How hard is it to get a job working on railroads? Was it your first choice of job or did you just sort of fall into it, and either way, how did it happen?
Also, on behalf of Whatsit Jr.: “I want to know how to drive a train. All the ways! Also, how it feels, and whether it is easy sometimes to have accidents or not.”
Pretty much never. Sometimes we’ll get some punk kids hop our train. People I work with have seen hobos, apparently a couple of famous people too.
Ale
No, but thats due to my general lack of enthusiasm. And we don’t have any navigational type stuff on a train. Most locomotives do have a GPS unit on it but it doesn’t seem to be used in any way to route the train. People are constantly calling looking for engines and trains can be sent to the wrong place pretty easily.
mamboman
Not at all. After you meet the people any romantic thought you’ve had about railroading goes out the window, although I do enjoy it sometimes.
Ignatz- We do have dead men? . More modern locomotives have alerters, which you have to constantly reset with your hand. We all refer to engineers as engineers. They all get offended if you refer to it as driving. they RUN an engine. You drive a car, steer a boat, pedal a bike and RUN an engine and so on. I know nothing about a dukey shute. If you mean our toilets, they’re emptied by septic trucks now.
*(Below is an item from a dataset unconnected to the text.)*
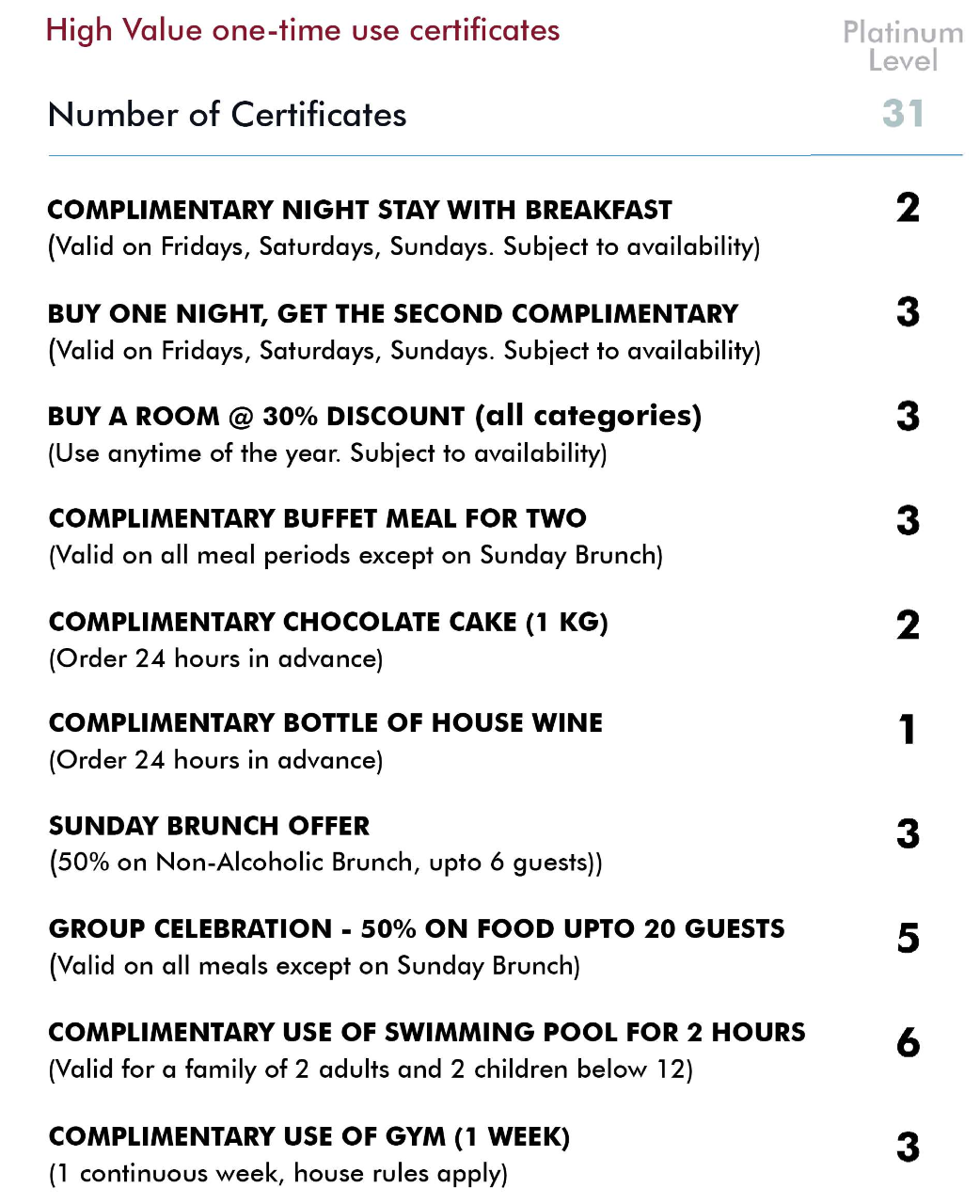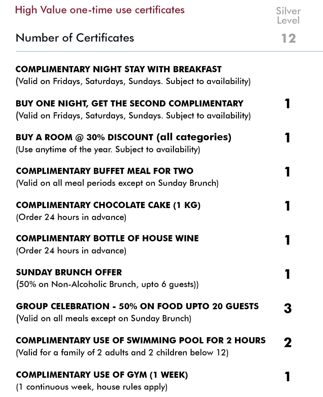 - Group Celebration : Two certificates offering a 30% discount on the food bill and 20% discount on the beverage bill for upto 10 guests from Monday to Friday.

MsWhatsit- I went to a hiring session that was advertised in the paper. About 50 people showed up. After they explain the job and the hours usually about half the people get up and leave. They only hired one person out of the remaining 25 people, me. I didn’t find it terribly hard to get hired though. There was some tests and a background check. Working for the railroad is a good job for people like me but doesn’t pay enormous amounts of money like it used to.
I dont drive a train yet, but they can be difficult to handle. You’re dealing with several thousand tons distributed sometimes unevenly over more than one type of terrain. Your train can be around two bends, on an incline, and going up and down a hill at the same time. I think about that a lot when we’re crossing a bridge from PA to NJ, our train is occupying two states at once.
Why do they switch cars (or engines) at the same time every day? And why does it take so long?
I have to be at work on Mondays at 5, and every Monday from 4:30 to 5, traffic is stopped while they’re doing something. (After the first couple of times waiting, I changed my route.)